Only in Croydon.
The grand opening of a cycle hub and hire scheme at East Croydon last week had to be postponed… because of a collision on George Street between a bus and a pedestrian, which saw the road closed for several hours.
No date has yet been announced for the re-arranged ceremony, though the postponement could be seen as emblematic of Croydon Council providing a town centre “hub” for cyclists without the “spokes” of dedicated and safe cycle routes to or from it.
In Croydon in recent years, the trend has been to spend millions of pounds on road schemes which have removed or reduced bike lanes, which have made cycling in the borough less inviting, and possibly less safe.
Croydon’s contradictions on cycling are numerous and confounding.
We currently have the situation of two-way cycling being arranged to and through North End by one part of the council, while another department in Fisher’s Folly is trying to make cycling along North End illegal.
Meanwhile, cycle lanes along South End, on a main north-south route through the borough, have been removed tp make way for… car parking spaces.

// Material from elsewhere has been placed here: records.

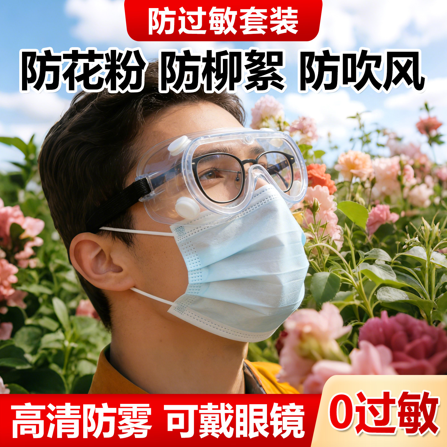 📚 防过敏护目镜防花粉眼镜防吹风眼罩可戴眼镜高清防雾近视防灰尘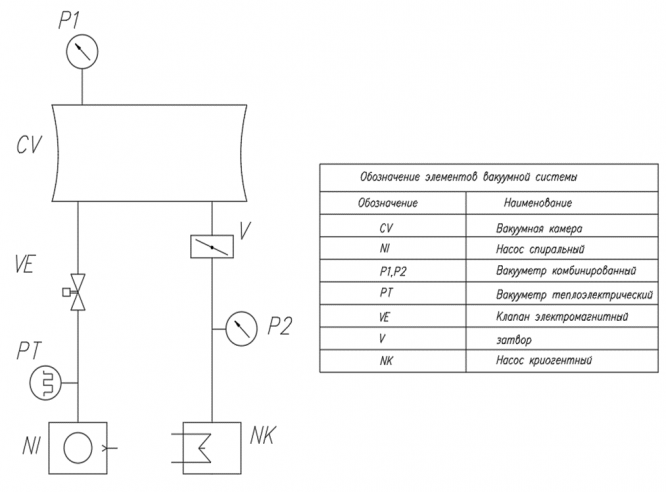 1. Выбрать и начертить принципиальную вакуумную схему установки, эквивалентные схемы откачки.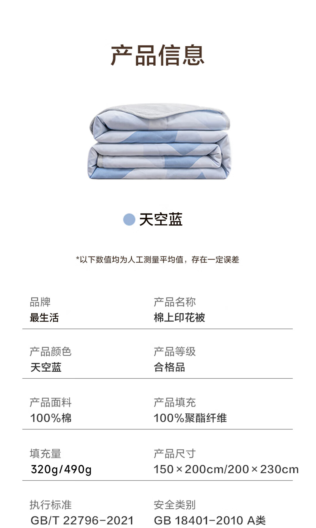 最生活 棉上印花夏被 Z-8802 150*200cm 天空蓝(单位:条)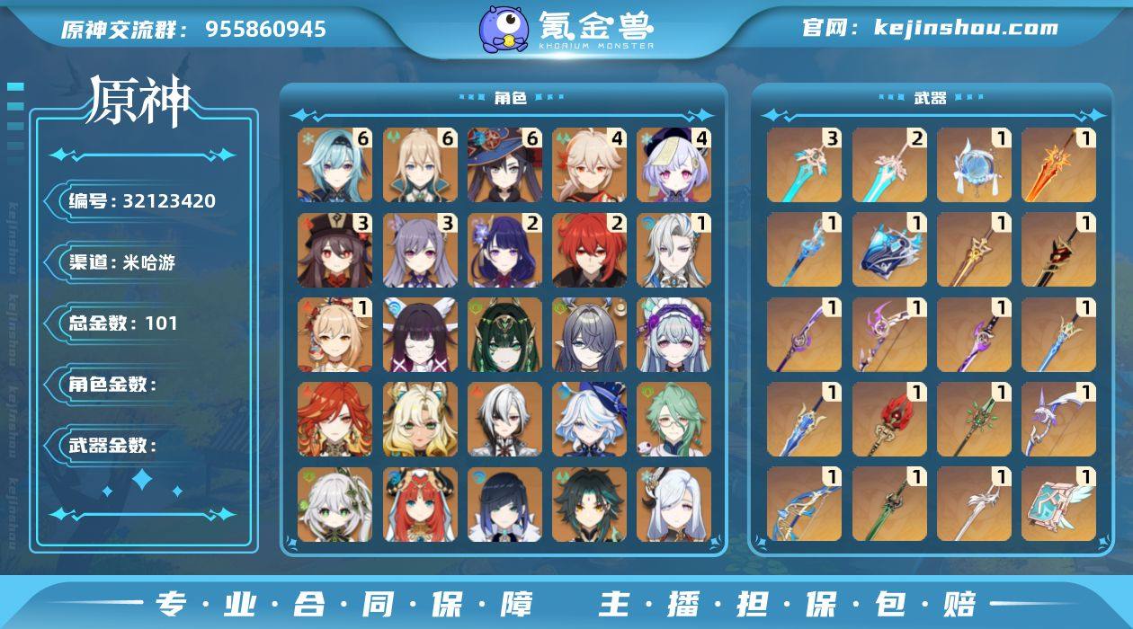 【原神】满命,冒险等级:60,五星数量:60,五星角色:莫娜 * 6命,琴 * 6命,优菈 * 6命,枫原万叶 * 4命,七七 * 4命,胡桃 * 3命,刻晴 * 3命,迪卢克 * 2命,雷电将军 * 2命,那维莱特 * 1命,宵宫 * 1命,希诺宁,白术,神里绫华,温迪,玛薇卡,迪希雅,钟离,荒泷一斗,达达利亚,梦见月瑞希,申鹤,阿贝多,夜兰,芙宁娜,提纳里,阿蕾奇诺,妮露,纳西妲,菈乌玛,奈芙尔,哥伦比娅,甘雨,魈__五星武器:天空之刃 * 3精,天空之傲 * 2精,焚曜千阳,万世流涌大典,静水流涌之辉,阿莫斯之弓,帷间夜曲,苍古自由之誓,飞雷之弦振,风鹰剑,和璞鸢,护摩之杖,磐岩结绿,四风原典,松籁响起之时,天空之脊,天空之卷,天空之翼,雾切之回光,薙草之稻光,终末嗟叹之诗,赤角石溃杵,圣显之钥__四星角色:班尼特 * 6命,行秋 * 6命,九条裟罗 * 6命,香菱 * 6命,久岐忍 * 6命,凝光 * 6命,迪奥娜 * 6命,砂糖 * 6命,芭芭拉 * 6命,云堇 * 6命,早柚 * 6命,托马 * 6命,五郎 * 6命,烟绯 * 6命,重云 * 6命,辛焱 * 6命,诺艾尔 * 6命,罗莎莉亚 * 6命,雷泽 * 6命,菲谢尔 * 6命,北斗 * 6命,鹿野院平藏 * 5命,柯莱 * 5命,卡齐娜 * 4命,珐露珊 * 3命,多莉 * 3命,欧洛伦 * 3命,赛索斯 * 3命,绮良良 * 2命,菲米尼 * 2命,夏沃蕾 * 2命,嘉明 * 2命,瑶瑶 * 1命,琳妮特 * 1命,伊法 * 1命,爱诺 * 1命,埃洛伊,奇偶·女性,奇偶·男性,坎蒂丝,蓝砚,夏洛蒂,月绽放战舰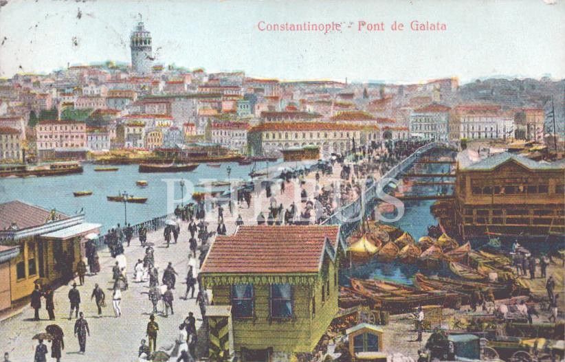 Galata Köprüsü ve Galata Kulesi, "Constantinople, Pont de Galata", postadan geçmiş, İstanbul, 14x9 cm...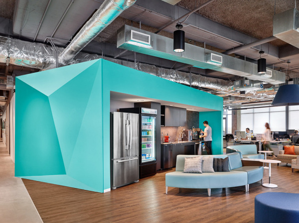 時尚辦公網(wǎng)很喜歡咖啡吧和休息室的設計,巧妙的運用不規(guī)則幾何造型,再涂刷以Bazaarvoice的品牌色系如:草綠、海藍、天藍和青色,讓整個空間充滿了清新活力。室內(nèi)還特別設計了一處名為 “Help Desk” 的網(wǎng)絡技術服務中心,實木的墻面、實木的格柵吊頂,配以黑色熱軋鋼制作的吧臺和溫暖的光照。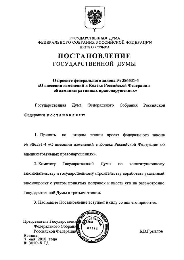 ПОСТАНОВЛЕНИЕ ГД ФС РФ от 07.05.2010 N 3619-5 ГД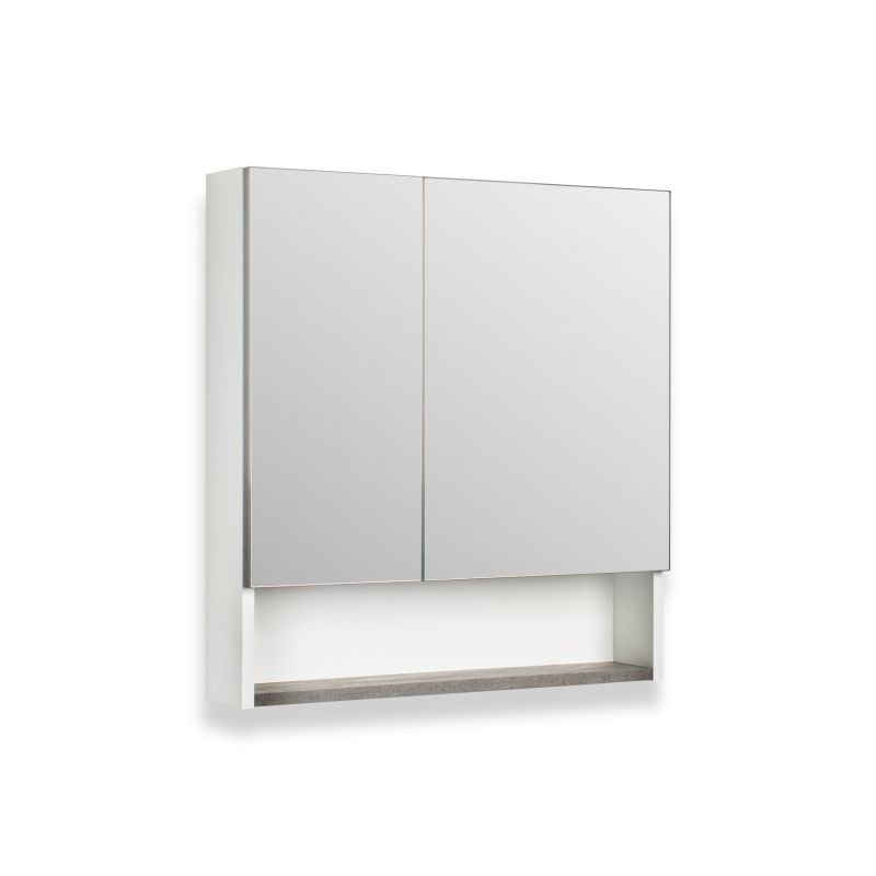 Зеркальный шкаф для ванной RUNO Бари - имеет презентабельный и необычный внешний вид, корпус зеркального шкафа классический белый, но при этом нижняя открытая полка выполнена в контрастном цвете – железный камень. Подойдет для установки как в квартире, так и на даче. Шкаф зеркало для ванной отлично впишется в любой интерьер ванной комнаты. Шкафч...

This project was conducted under a scheme called “Connected Croydon”. We kid you not.
An experiment with a cycle Quietway along Norbury Avenue in Thornton Heath, which was supposed to run for the summer months before being properly assessed, has been adjusted within weeks of it being implemented, under pressure from car users and residents, some of whom complained of a lack of notice and flawed consultation. On a scheme from Croydon Council? Shurely shome mishtake.

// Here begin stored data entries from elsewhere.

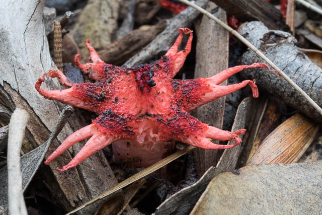 Riding back home, I decided to go along to Cooks River to check out the wetlands. I had heard from the Cooks River Facebook Page that some stinkhorn fungi had been observed along the river somewhere. Early on my ride, I found a lot of them in the re-established bushland near Ewan Park. But they were all well past their prime. They were Phallus rubicundus. I am hoping that they will appear again the next time it rains.
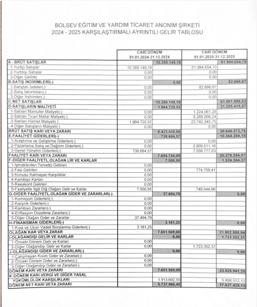 Vakfın açıklamasında, BOLSEV Eğitim ve Yardım Ticaret A.Ş.’nin kuruluşundan bugüne kadar olan gelir ve gider kalemlerinin ticari mevzuata uygun şekilde kayıt altına alındığı belirtildi. Yapılan açıklamaya göre vakıf şirketinin toplam gelirinin 118 milyon 445 bin TL olduğu ifade edildi.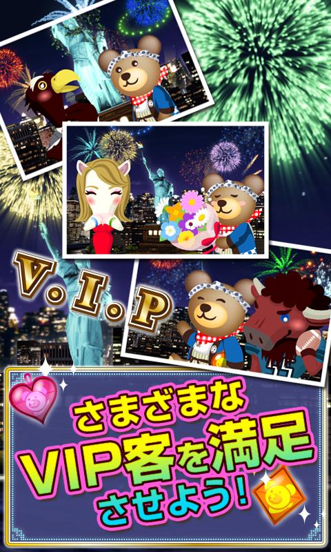 ◆クマをはじめ、可愛らしい動物キャラクター(VIP)がたくさん登場★奇麗な花火で全員を満足させて、記念写真をコレクションしよう!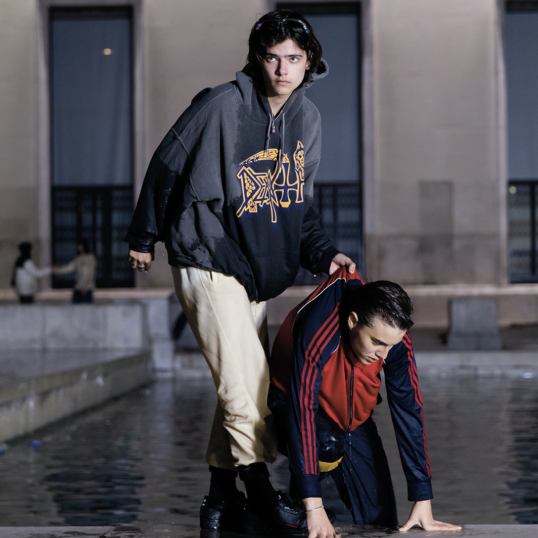 后一种意义上的“将生命压缩为图像”是伊姆霍夫的《静物》最重要的支撑概念,尤其是表演免费对公众开放,而且长达四个小时——这是伊姆霍夫作品的特色,都让它非常社交媒体友好。无论从哪个角度来看,这些活人静物画都是为了观众而存在的。以进场的过程为例,一群表演者以极其缓慢的速度把观众带入大门,这场面更像是某款视频app做出来的效果,而非发生在真实世界。另一位表演者以同样缓慢的速度登上一艘超现实的人体筏子,并且“漂流”了一段距离。伊姆霍夫的表演者们身着90年代亚文化的“制服”(黑金属/滑板文化/复古帽衫),直击怀旧情绪的核心,他们看起来就像千禧年之前的美国郊区青少年,这些形象又在拉夫·西蒙斯(Raf Simons)、德姆纳·格瓦萨里亚(Demna Gvasalia)和山姆·莱文森(Sam Levinson)编织出梦境里被一再放大。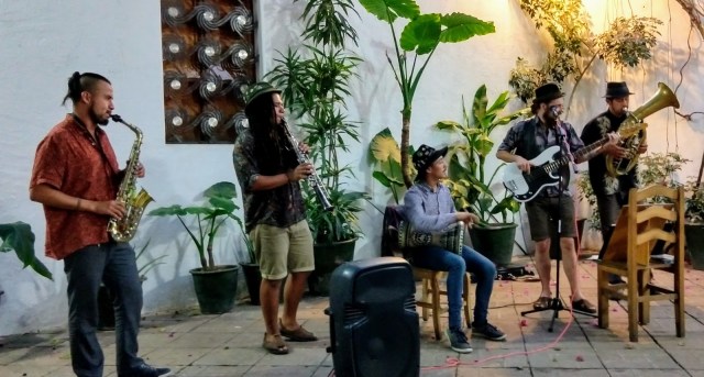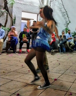 Then we took a taxi to Sol y Luna to hear Eric Louis from Lafayette, Louisiana and a mix of Blues. A lady looked in so I encouraged her to join us. Mary from Portland Oregon did. Her and Richard chatted a lot while I moved over to the bar to be close to the music. The crowd conversation interrupted my ability to hear….as did the Mescal I ordered at the bar for a table of Oaxacans as well as the singer Eric.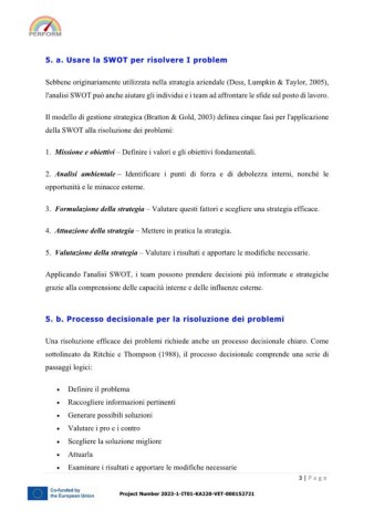 5. a. Usare la SWOT per risolvere I problem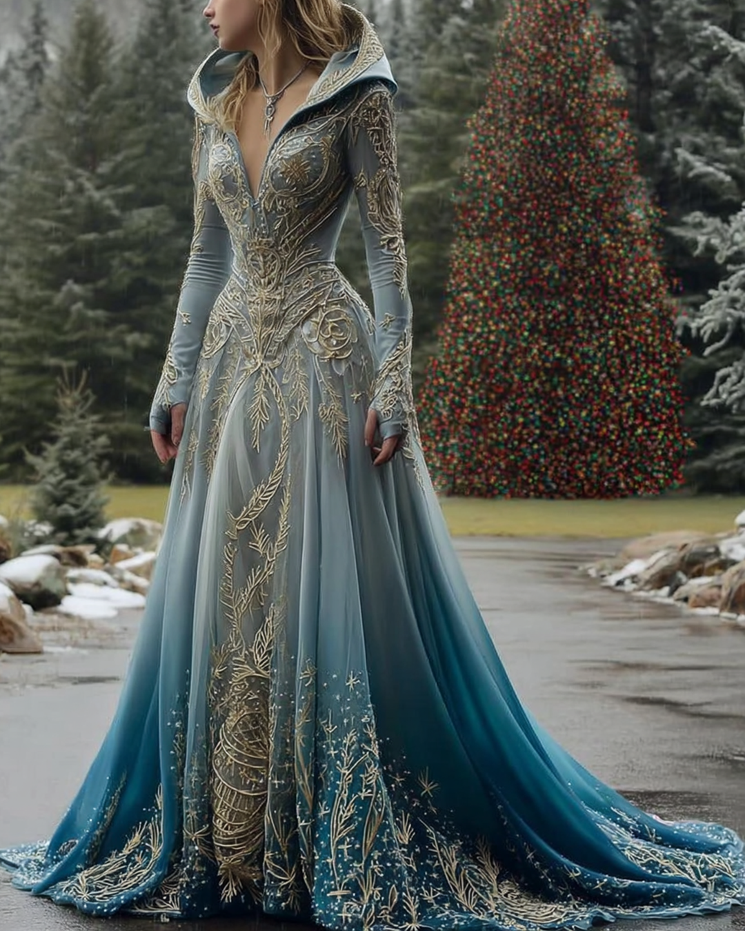 Christmas Themed Gradient Snowflakes Embroidered Hooded Dress 9868

Croydon Transition Town, a group which has environmental awareness at its core, including the desire to see a reduction in motor traffic through more people walking and using bicycles, have said of the cycle hub that it is a good move but, “scant regard has been paid to cyclists for decades. Croydon’s roads need to be made safer for cyclists and to separate cyclists from cars and pedestrians where possible”.

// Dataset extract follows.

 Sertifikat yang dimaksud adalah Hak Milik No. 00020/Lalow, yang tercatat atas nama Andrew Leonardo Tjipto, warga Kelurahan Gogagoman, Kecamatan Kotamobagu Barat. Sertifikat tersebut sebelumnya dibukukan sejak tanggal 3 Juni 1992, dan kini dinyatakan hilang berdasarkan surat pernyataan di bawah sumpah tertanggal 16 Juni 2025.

Senior figures among cycling campaigners also highlight the half-hearted efforts from the previous Tory administration when it came to tapping into London-wide funding for cycling. “The terrible shame is that the £50-million mini-Holland bid fell at the first hurdle,” they told Inside Croydon, “yet the council has spent that sum in making cycling harder in places like South End and no easier elsewhere in the town, for example the repaving of George Street without ‘space for cycling’.
“What a waste, as Ian Dury put it.”
So central Croydon will soon have a cycle hub, positioned just across from borough’s hipster heartbeat, Boxpark, but without any segregated cycle routes leading to it or from it.
The hub has an accompanying Brompton hire dock, largely because the Boris Bike scheme operated by London’s Zone 1 Tory Mayor has never been extended to the capital’s outer reaches.
The hub is positioned across George Street from East Croydon Station, because that’s the nearest piece of council-owned land available.
Clearly, the various developers building alongside the station could not be persuaded to do the community responsible thing and provide a modest slice of their land. We ought not be surprised after the shambles of the £24 million Bridge to Nowhere, which lacks the originally intended exit on to the Cherry Orchard Road side of the railway lines, where Menta is developing its “executive apartments”.
The hub will be handy for Croydon College students, though, and provides free covered cycle parking for 80 bikes, similar to that provided at rail terminuses in central London. The Brompton hire dock will house eight folding bikes for hire. There will also be a cycle work station for carrying out small repairs and a cycle pump.
The hub has been jointly funded by the council and Transport for London.
The Brompton Bike Hire dock requires a simple registration at bromptonbikehire.com, before being able to reserve bikes via both web and SMS. The dock is part of a nationwide network, with plans for 10 more docking stations in central London over the next 12 months. There is no limit on hire duration, which charges £2.50 per 24-hour hire.
One of Croydon Labour’s newest councillors, Robert Canning, the deputy cabinet member for transport and environment, was certainly making the right noises, if suffering slightly from the “vision thing”.
“As a key part of our transport vision, the council is passionate about encouraging more people to cycle,” he said before the postponed launch. “Providing facilities such as this fantastic new cycle hub and hire station will help achieve this.”
A few more safer cycle routes might just help in that regard, too.